And then there were two.
Tarek ibn Ziyad Academy (TiZA) is one of two charter schools still waiting on a decision from state officials who are reviewing requests for the schools to switch to new overseers by the end of the day Thursday.
Eleven schools had transfer requests pending on Wednesday morning, but by day's end, the Minnesota Department of Education had rejected nine.
To stay open, all charter schools must have a contract with an authorizer -- a school district, nonprofit or college that oversees its academics and finances. This year, a change in state law has led many schools to seek state approval to transfer to new authorizers.
Anxiety has been building at some schools with the approach of June 30, when many contracts expire.
Along with TiZA, Lake Superior High School is waiting for a decision from the state, said Education Department spokeswoman Charlene Briner. The state will take action on both requests by the Thursday deadline, she said.
All nine of the schools whose transfers were denied Wednesday might stay open by extending contracts with their current authorizers, according to the state.
Eugene Piccolo, executive director of the Minnesota Association of Charter Schools, said on Wednesday that he does not believe any of the nine will be left without oversight on July 1, though he hasn't talked to officials at all of them.

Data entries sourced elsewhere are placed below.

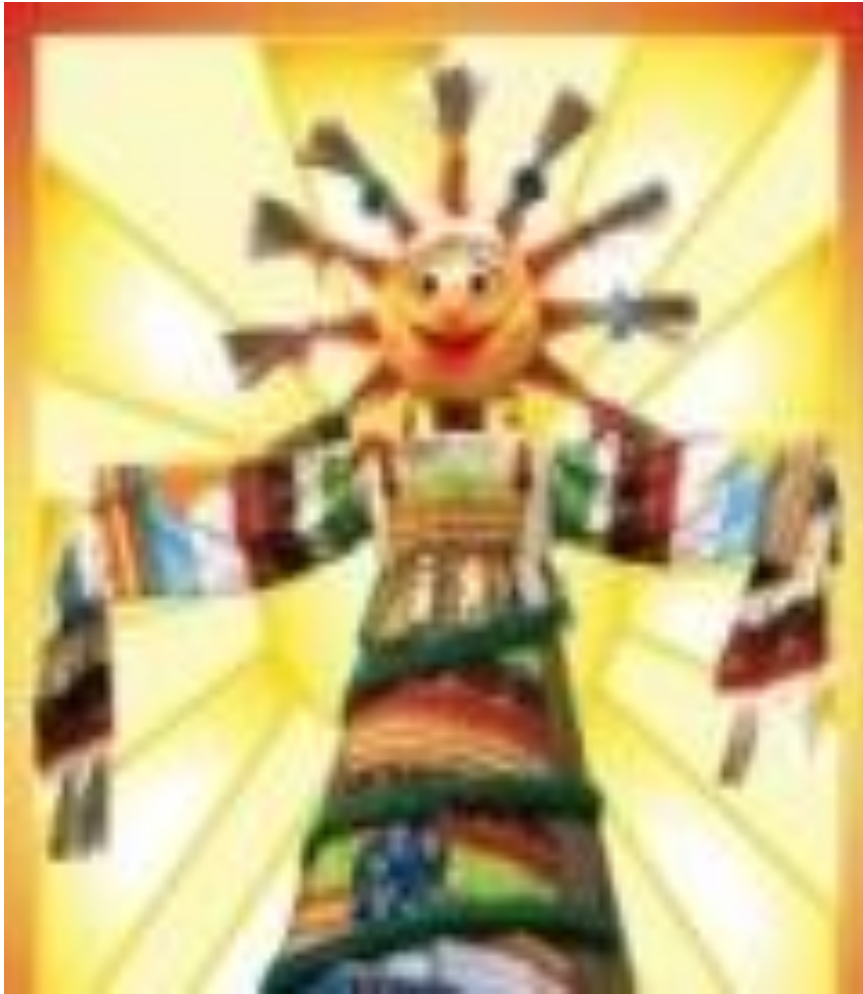
A Maslenitsa doll.
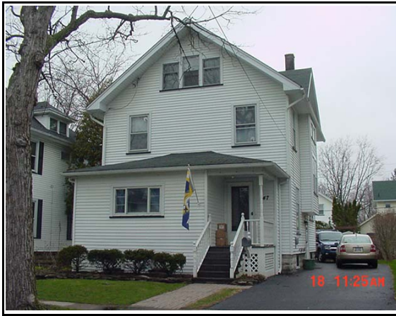
47 Vernon Ave 180200 84.023-2-11

Neighborhood: 200 Property Class: 210 - 1 Family Res Sale Date: 4/24/2023 Sale Price: $ 189,900 Prelim 2024 Land Asmt: $ 15,300 Prelim 2024 Asmt: $ 197,000 Building Style: Old Style Exterior Wall: Alum/vinyl Year Built: 1900 Basement Type: Partial Grade: Average Condition: Normal SFLA: 1,968 Sale Price/SFLA: $ 96.49 Number Bedrooms: 3 Number Baths: 1.0
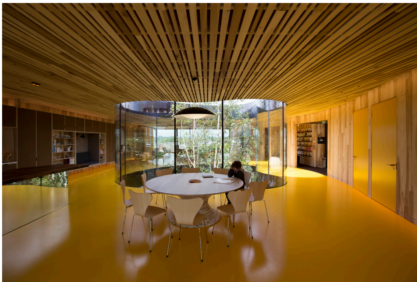
Maggie's Centre, Oldham, interior

scale for a project with a very tight budget. The use of U.S. tulipwood CLT by the construction industry was now apparent for all to see.
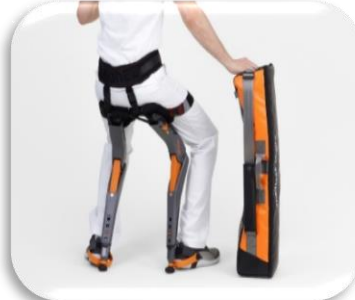
Chair Less Chair
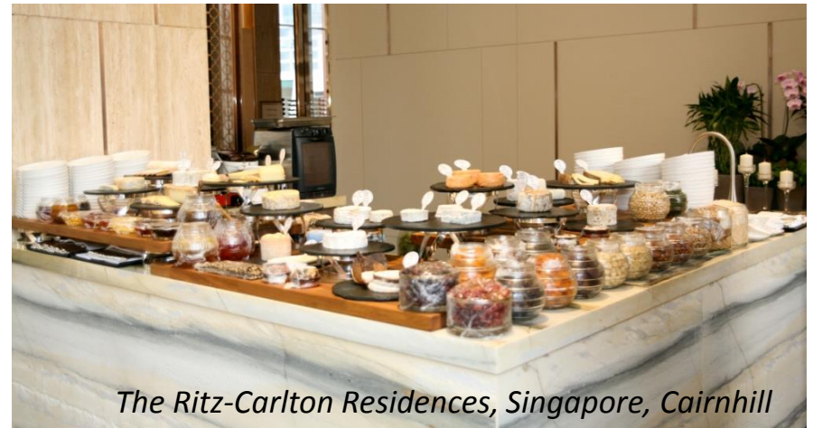
The Ritz-Carlton Residences, Singapore, Cairnhill
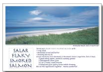
Salar Smoked Salmon, Isle of Uist
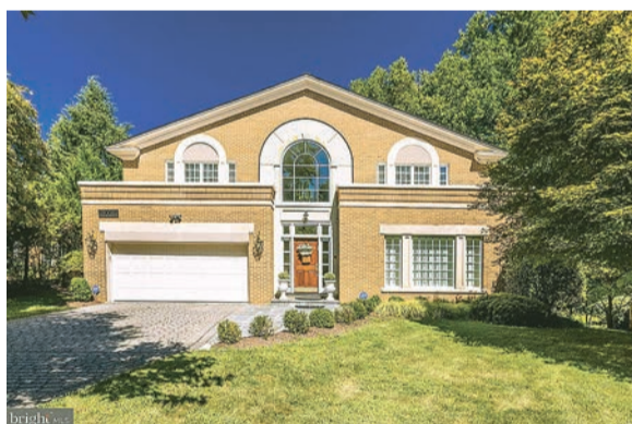
7 10001 Chartwell Manor Court — $1,700,000
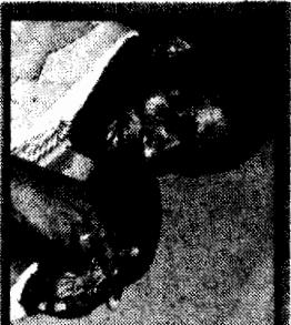
Last eight crew members of ship M.T. Tana, which exploded in Lagos, were rescued.

Telecom firms in Lagos den over erection of masts, towers
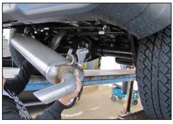
5. Using a twisting motion so the muffler pipe slides off the exhaust pipe, remove the muffler assembly from the vehicle.

NOTE: K&N Engineering, Inc., recommends that customers do not discard factory exhaust.
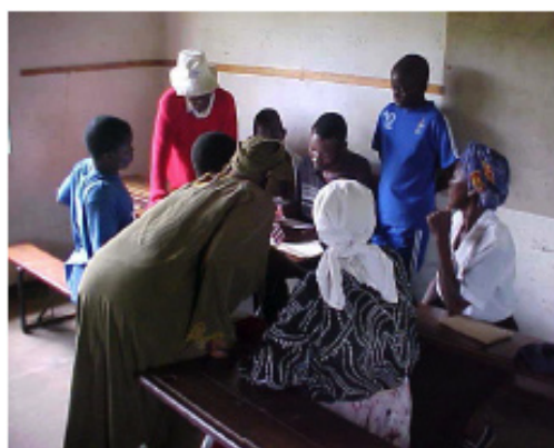
Villagers in focussed Group Discussion

Another significant theme at the workshop was that changes in the weather and climate
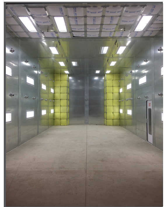
BlastOne semi-down draft wet paint booth with AquaTec curing system
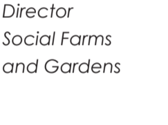
Chris Blythe - Director Social Farms and Gardens

SATURN is very well placed to tie all these agendas together, given its operation across 3 very well established and linked themes and scales. By bringing together projects and ideas on a city and wider scale, SATURN enables us to share good practice, learn from others, and hopefully start to make some small changes to the systems that need to change.

TiZA, a charter school already battling the American Civil Liberties Union of Minnesota over claims that it has promoted religion, is in a uniquely fraught situation. On Friday, a new state law takes effect that bans out-of-state authorizers, disqualifying the school's current overseer.
TiZA has challenged the new law in a federal lawsuit filed against the state education commissioner and its current overseer. On Tuesday, the school asked a federal judge for a temporary restraining order allowing the school to stay open while the case proceeds. The judge said he would issue a ruling by noon on Thursday.

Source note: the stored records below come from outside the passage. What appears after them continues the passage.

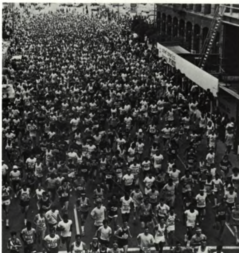
The mass start (or part of it) of the Bay-to-Breakers Race, with 2585 starters.
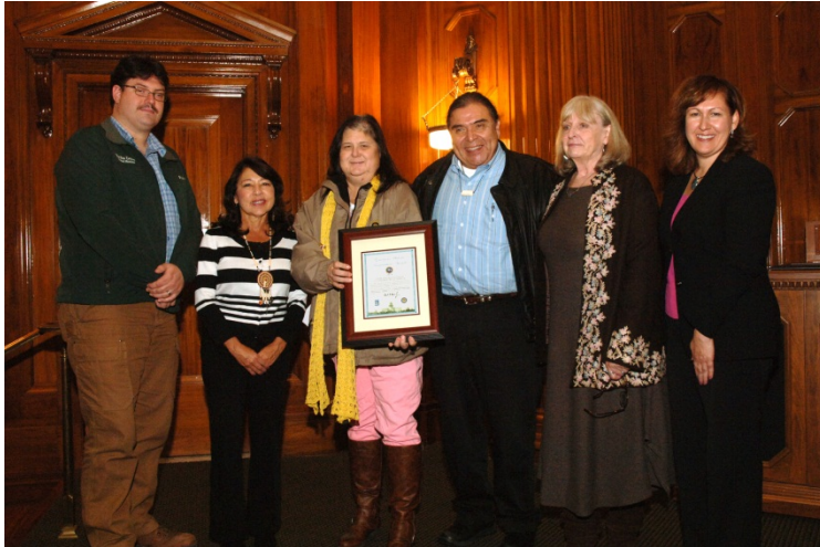
Yocha Dehe Wintun Nation Cultural Resources Committee

rebuilding and revitalizing of the Patwin language. They are developing a history program and have created the largest Patwin archival document and photograph collection. The CRC has promoted the revitalization of other California Indian languages through the sponsorship of the Living Language Circle Conference, which brings together Native American language teachers throughout California to share knowledge and experiences.
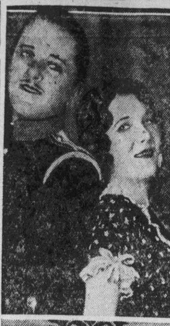
Scene from "Wenness Nights" A Warner Bros. Production. CAPITOL MONDAY and TUESDAY

Rescued From Lake. Detroit, June 26.—(AP)—A customs patrol boat today rescued 15 persons off Huron Point in Lake St. Clair after their fishing boats had been overturned and blown into the lake by a heavy windstorm. Eight persons were taken from Lake Erie by rescue parties, and all missing following the storm were believed accounted for.
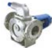
Stainless Steel Pumps - Corrosive Fluids
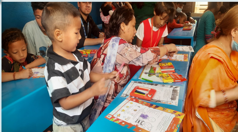
Over 83 Registered Children participated in the CEW event
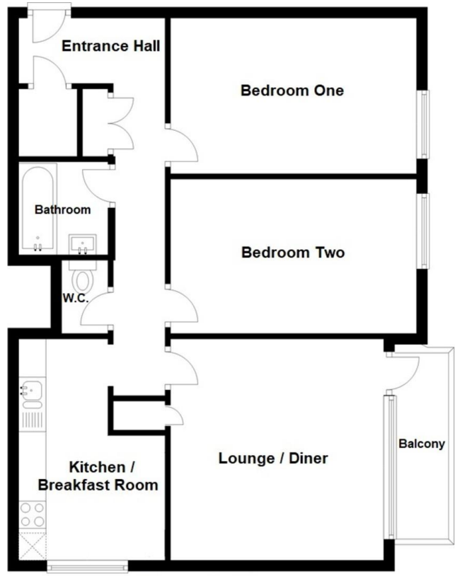
Seventh Floor Approx 74 sq. metres (796.5 sq. feet)

This delightful purpose built two double bedroom apartment offers spacious living accommodation and a wonderful private balcony with beautiful panoramic sea views. Situated on the seventh floor with two lifts and stairs, the property is conveniently located in the heart of Kemp Town within easy walking distance to the local shops, restaurants and seafront. With good transport links too, it is ideal for those who commute in & out of Brighton.
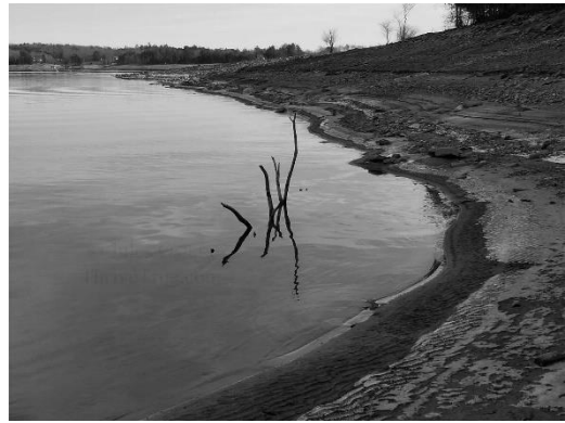
Styx and Stones

(other locations, angles, orientations, close-ups, color and similar photos available)

The state has already approved more than 30 transfer requests. All nine of Wednesday's denials went to Novation Education Opportunities, a nonprofit organization that already oversees a handful of schools. Novation is also TiZA's would-be authorizer.
"The denials were based on the newer authorizer's recent entry into charter school authorizing," the Education Department said in a statement, saying that the nine rejected requests "mark a significant departure from [Novation's] growth and capacity plan," which the state approved last year.
Novation director Bryan Rossi could not be reached for comment Wednesday.
Piccolo blasted the state's reasoning, arguing that it relies on a faulty assumption that business plans should always be followed to the letter. "It tells me they know nothing ... about how organizations operate," he said.